That makes this all worse. Because it seems like only hours ago the king told me he loved me. The moment that love became inconvenient for him, that fucker let me waste away. My breathing is coming faster and faster.
My monster, my husband, my captor. Soon he will be my victim.
I always considered Montes the thing of my nightmares. Now I’ll be his.
Yes, I think as I step up to the vehicle’s rear doors, I will enjoy killing him.
Chapter 4
Serenity
“Come out with your hands up!”
Even the orders of the future remain the same. Has nothing changed at all?
Pressing my back against one of the vehicle’s doors, I use my hand to throw open the other. Instead of the gunfire I expect, a dozen different soldiers yell orders to exit the car. Those orders die away when they catch sight of the bodies.
Finally, fearfully, one calls out, “Serenity?”
I close my eyes. “I’m here,” I say.
“Is there anyone with you?”
“No one living.”
There’s a pause as the king’s men process that. Whatever they were told about me, I’m guessing that it hasn’t prepared them for who I really am.
“You can come out, Your Majesty. We won’t shoot.”
I open my eyes and push away from the wall and into the open doorway. Sunlight touches my skin for the first time in a very long time. I soak it in. The day is full of firsts.
I step down from the car and onto the dirt road.
A hush falls over my audience as they catch sight of me. Then slowly, one by one, they kneel.
I stop and take them in. I had prepared for their horror, dressed in blood as I am, not their veneration.

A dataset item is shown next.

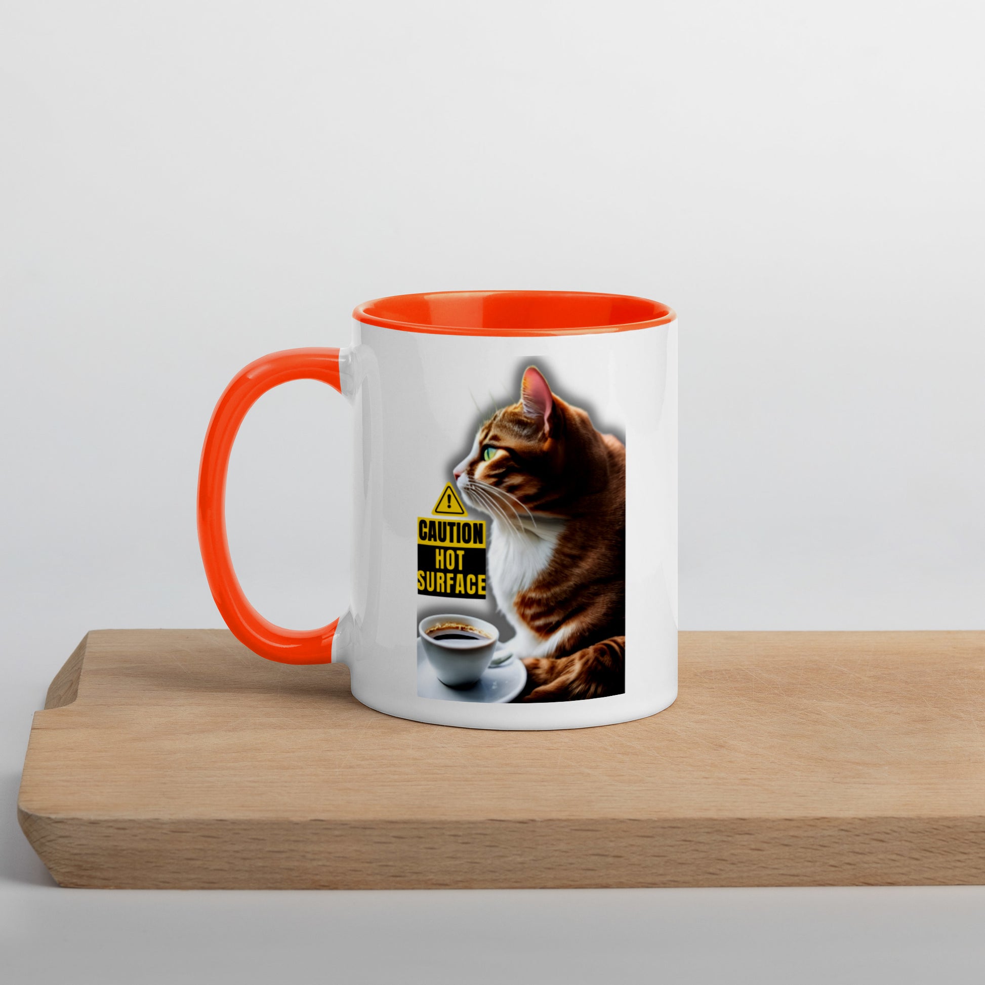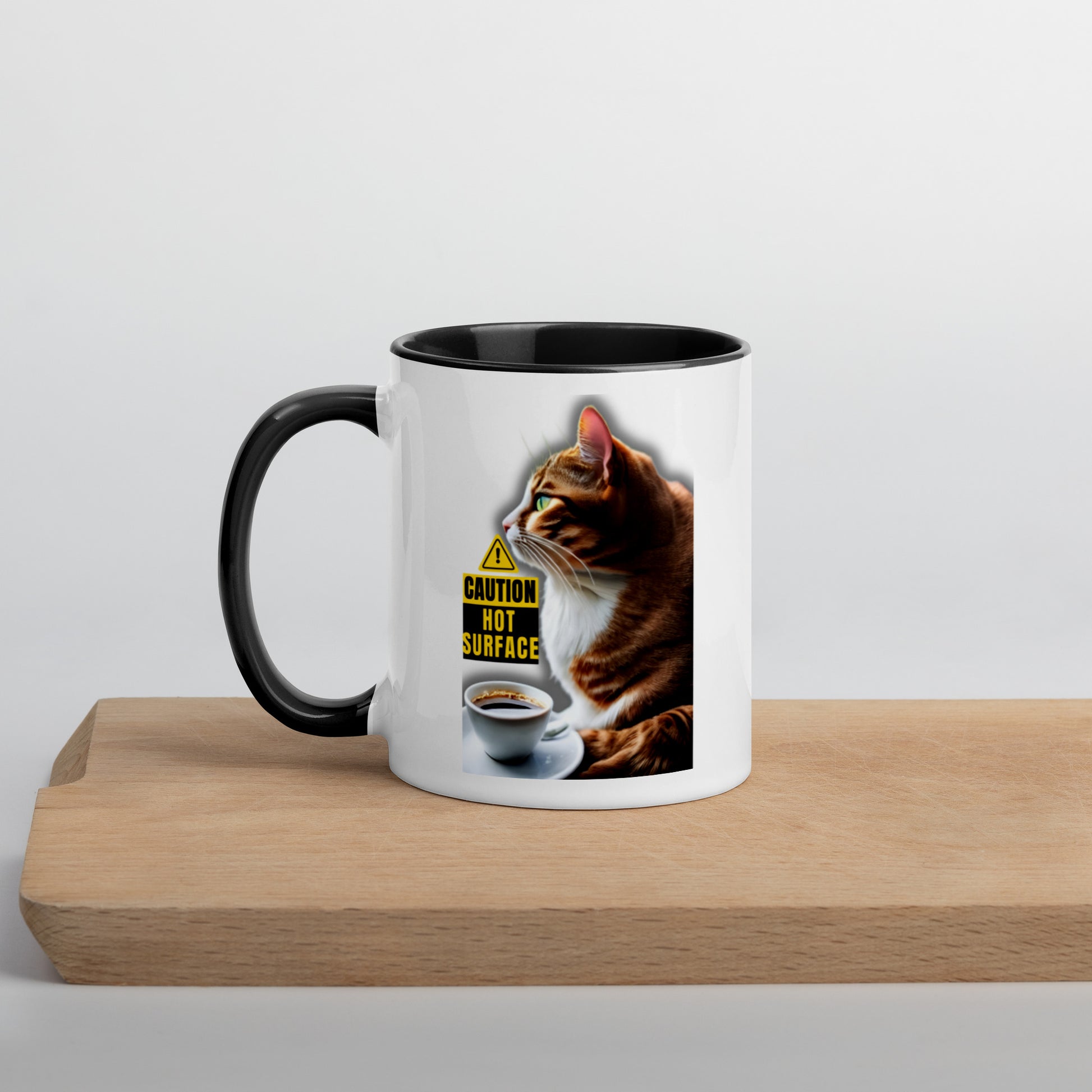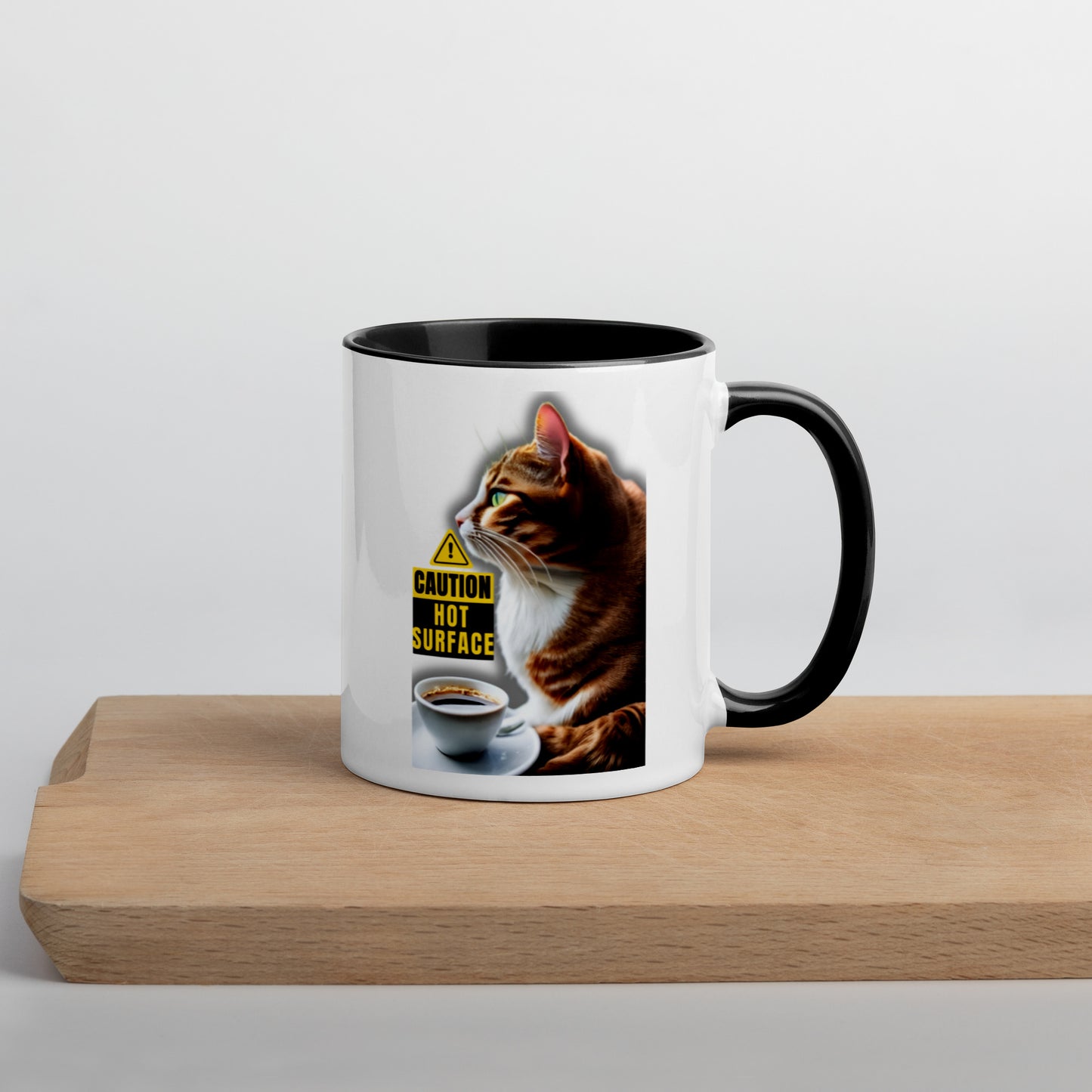 With a colorful inside, rim and handle, our bright and uplifting "Cautious Kitty" mug is a favorite amongst our customers. Choose between vibrant color options and enjoy your hot beverage in style!

There are dozens of soldiers circled around the car I exited. Behind their ranks, several armored vehicles are parked, lights flashing. Above us, a chopper circles.
It’s all the same. The machinery might look slightly different, but it doesn’t appear to have advanced in all this time. Prosperity breeds progress, and this, this isn’t progress.

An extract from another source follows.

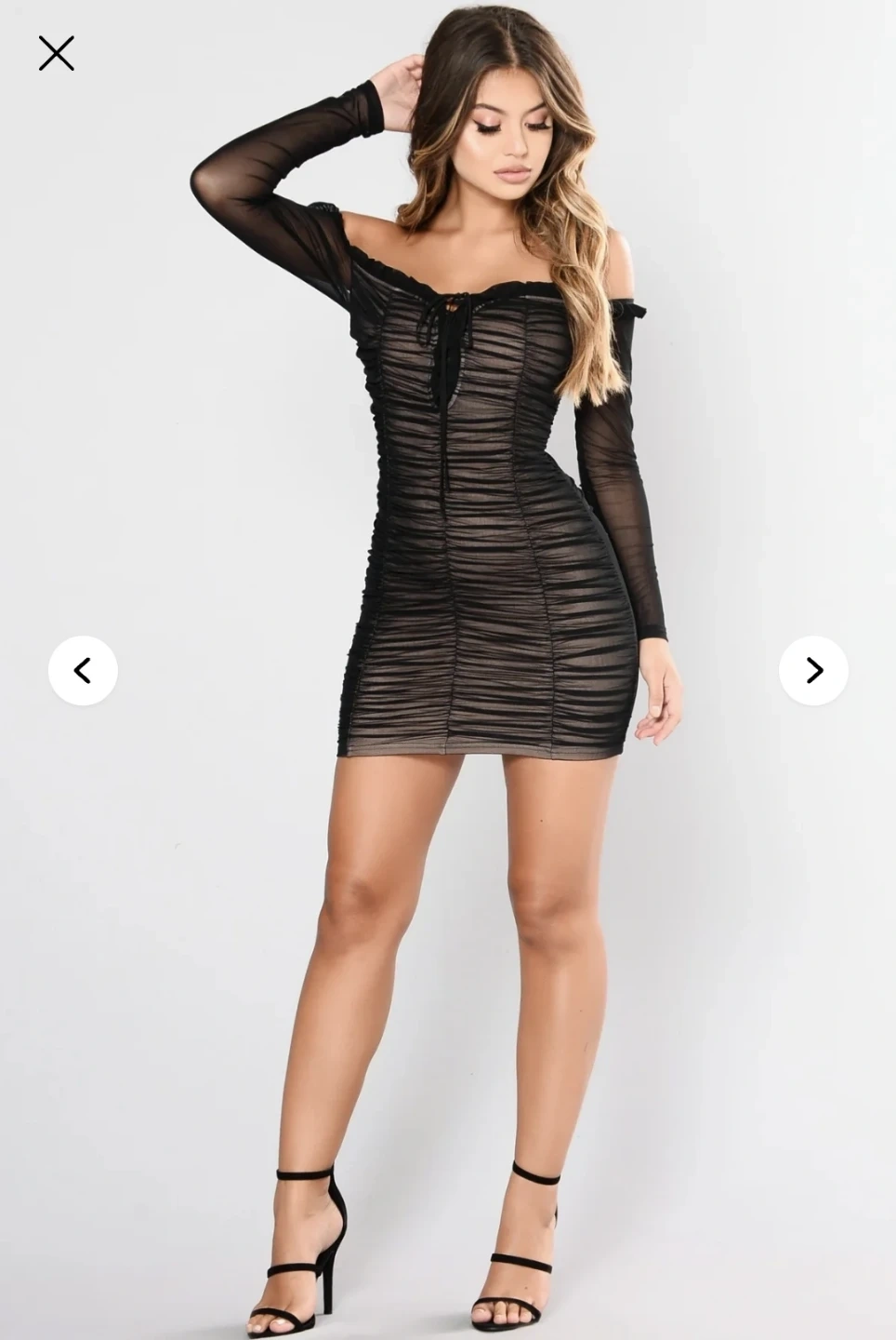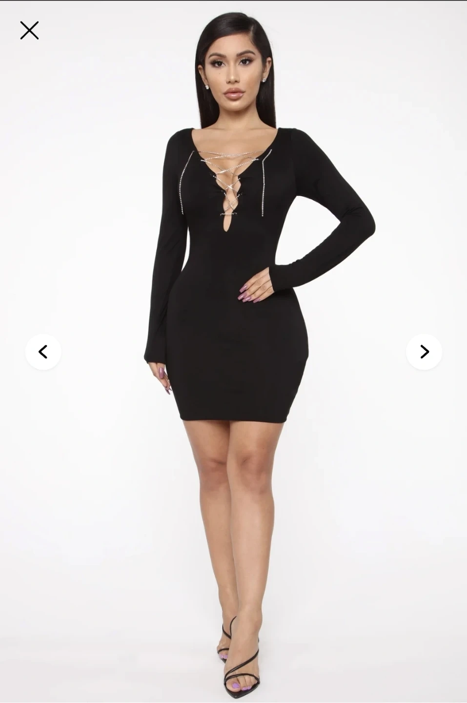 Here's a cute black mini dress from Fashion Nova! It's perfect for a night out or a special occasion. It's in great condition! (Never worn, just washed)

I fear for the world I have woken to.
Beyond the cars, scraggly rolling hills stretch out as far as the eye can see. I can feel the solitude of this place. The whistle of the wind seems to exacerbate it.

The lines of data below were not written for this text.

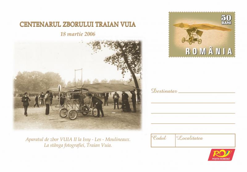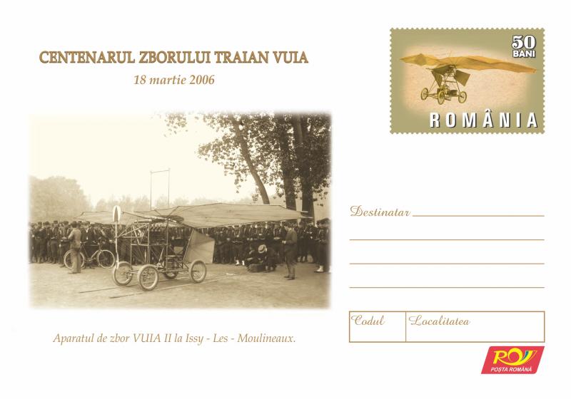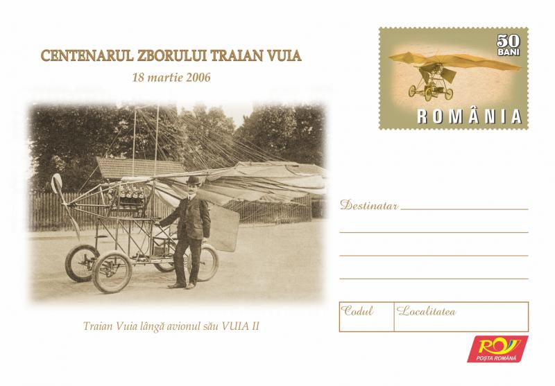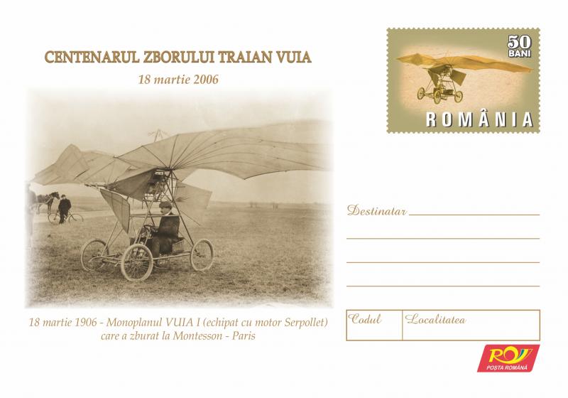 Centenarul Zborului Traian Vuia 18 martie 2006. 18 martie 1906 – Monoplanul VUIA I (echipat cu motor Serpollet) care a zburat la Montesson -Paris
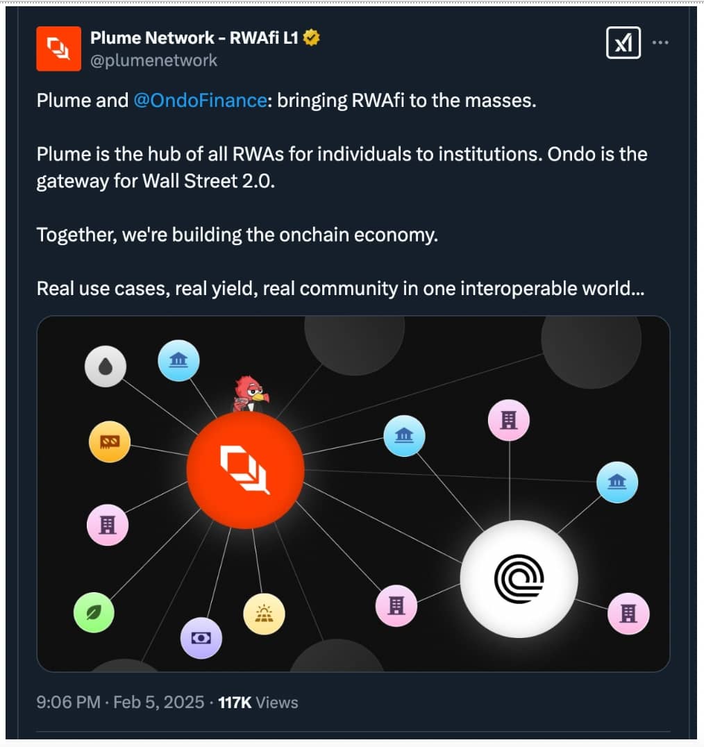 На прикладі Ondo Finance цей проект у лютому послідовно запустив інноваційні продукти, такі як Ondo Chain та Ondo Global Markets, що активно сприяють токенізації RWA.
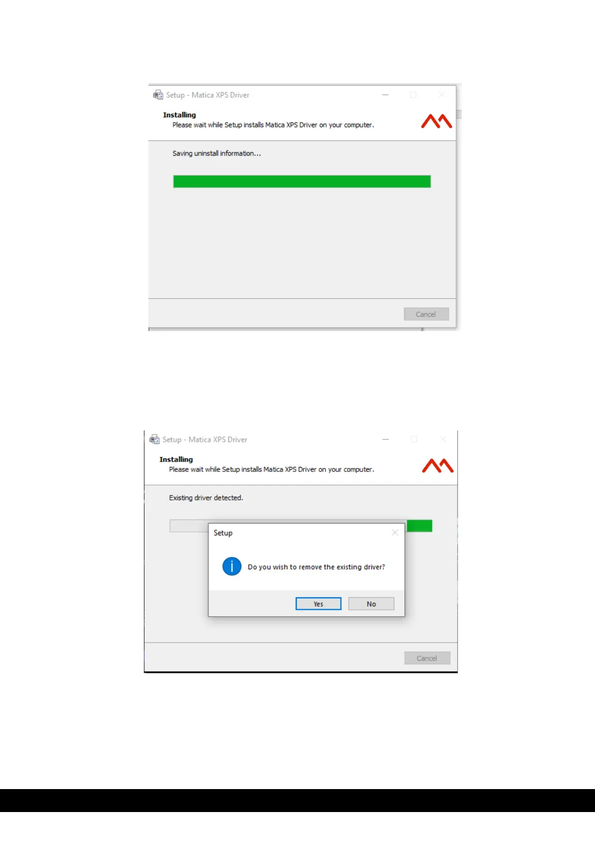 existing driver. Click ´Yes´ as it is recommended to remove any current version of the driver.

I haven’t dropped my gun, but the soldiers don’t seem to mind. As soon as they rise, I catch sight of their expressions.
I’m a ghost. A myth. That’s the only explanation for the spooked ardor in their eyes.
All the while, rivulets of blood snake down my calves. They’re right to be spooked of me.
I scour their ranks, looking for Montes. My eyes pass over dozens of men and a few women. I look them over once, twice. I didn’t realize I held onto some sick hope until I feel it vanish.
The king isn’t among these soldiers.
Even in the middle of my bloodlust, my heart aches. Last time I was captured, he was there to retrieve me.
A hundred years to change into whatever he wanted to become. A hundred years to fall out of love. A hundred years to forget about the broken, deadly girl he forced into marriage.
The king that rules these people isn’t the same king I knew. All my anger and pain are wasted on a man who, in all probability, no longer cares for me. The world’s still at war, after all. If I can really end it, the king should have taken me out of the Sleeper long ago.
Reflexively, my hand tightens on my gun.
Behind me is open road, in front of me is vengeance. My twisted heart is breaking, but I’m tempted to leave my heartbreak and revenge to the past and walk away from it all.
I take a step back. The soldiers tense.
“Your Majesty,” one of them says, “we’re the king’s royal guard. You can trust us.”
Normally, when people tell you that you can trust them, it means exactly the opposite.
I look around; the soldiers encircle me completely. If I ran, how far would I get before they caught me? How many more men would I have to kill? I don’t want to spill more blood. And even if I did, I couldn’t possibly take them all out before the king’s guard immobilized me. I’d lose whatever precious power I had to wield.
I’m still not free.
“I need your word,” I say to the man who spoke.
He pauses. “Anything, Your Majesty.”
“Don’t let the king put me back in the Sleeper.” My voice breaks as I speak. “Kill me first.”
“I’ll vow to you anything but that.”
“Then I can’t go with you,” I say.
“Your Majesty,” he says, all but pleading with me, “what you’re asking of me is treason. The king would—”
I press the barrel of the gun to my temple. The soldiers tense once more.
“I need your word,” I say. “I need everyone’s word, or I will pull the trigger,” I say.
I hear murmuring from all around me. It takes a minute to make out what they’re saying, but eventually I do.
“Freedom or death.”
Even out here in the midday heat, my skin prickles.
What have you made of me, Montes?
As my gaze sweeps over all of them, I begin to see them nod. Then, one by one, they take a knee and put their fists over their hearts.
“You have my word,” the first soldier says.
“And mine,” someone says from behind me.
“And mine.”
“And mine.”
This lonely space fills with the sound of dozens of oaths.
Slowly, I lower my gun. They don’t know me, but now they show me allegiance.